Keywords: breast cancer, CYP3A4/5, drug transporters, pharmacogenetics, disease-free survival, tamoxifen
Introduction
Tamoxifen, a selective estrogen receptor modulator (SERM), is the standard prescribed drug for the treatment of breast cancer in patients with estrogen and/or progesterone receptor positive disease.1 Tamoxifen is extensively metabolized by cytochrome P450 (CYP) enzyme 2D6 in the liver to produce pharmacologically active metabolites such as endoxifen and 4-hydroxytamoxifen.2 It is well documented that CYP2D6 polymorphisms play an important role in tamoxifen effectiveness;3 however, some findings have been inconsistent.4–7 To date, there is no consensus whether CYP2D6 genotyping is definitely essential before receiving the drug regimen. In addition to CYP2D6, tamoxifen could be metabolized by other metabolizing enzymes such as CYP3A4/5.8 Recently, it was reported that drug transporters such as ABCB1 are involved in the transport of endoxifen and 4-hydroxytamoxifen, active metabolites of tamoxifen.9 Furthermore, overexpression of ABCC2, an efflux transporter, has been reported in tamoxifen-resistant breast cancer.10 Therefore, genetic variants of these metabolizing enzymes and drug transporters are likely to be associated in variable degree with clinical outcome observed in patients treated with tamoxifen. The impact of CYP3A4/5, ABCB1, and ABCC2 polymorphisms on tamoxifen effectiveness in Thai populations has not yet been reported.

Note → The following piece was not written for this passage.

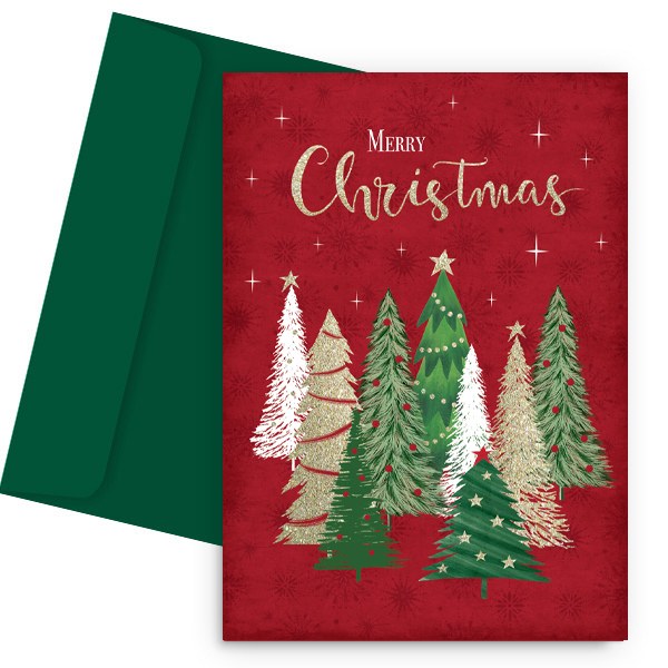 Ευχετήρια κάρτα με χριστουγεννιάτικα έλατα, για να ευχηθείτε στα αγαπημένα σας άτομα!

In this study, genetic variants of CYP3A4*1B (−392 A>G)/*18(878 T>C), CYP3A5*3(6986 G>A), ABCB1 3435 C>T, ABCC2*1C (−24 C>T), and ABCC2 68231 A>G in Thai patients with early-stage breast cancer were investigated. The risk of recurrence within 3 years among Thai women after receiving tamoxifen adjuvant therapy was evaluated.
Materials and methods
Patients
This study was retrospectively conducted in 30 breast cancer patients who visited Ramathibodi Hospital, Bangkok, Thailand, during the time between February 1997 and January 2008. All patients were estrogen and/or progesterone receptor positive and received tamoxifen as an adjuvant treatment for breast cancer. All patients had previously been treated with cyclophosphamide/methotrexate/5-fluorouracil (CMF) chemotherapy prior to tamoxifen treatment. The prognostic clinical factors known to affect the clinical outcome, such as age, tumor size, and lymph node status were matched between recurrence and nonrecurrence groups. Exclusion criteria included concurrent medications that induce or inhibit CYP2D6, CYP3A, and efflux transporters. Patients’ data were collected from medical records. The clinical data included in this study are given in Table 1. All analyzed patients had uniform diagnostic, management, and follow-up protocols. Blood samples were collected (5 mL) in an ethylenediaminetetraacetic acid (EDTA) tube and stored at −20°C until isolation of genomic DNA for genotype analysis. The study was approved by Ramathibodi Hospital’s ethics committee. All patients gave informed consent.
Table 1.
Baseline characteristics of patients with and without recurrence (N = 30)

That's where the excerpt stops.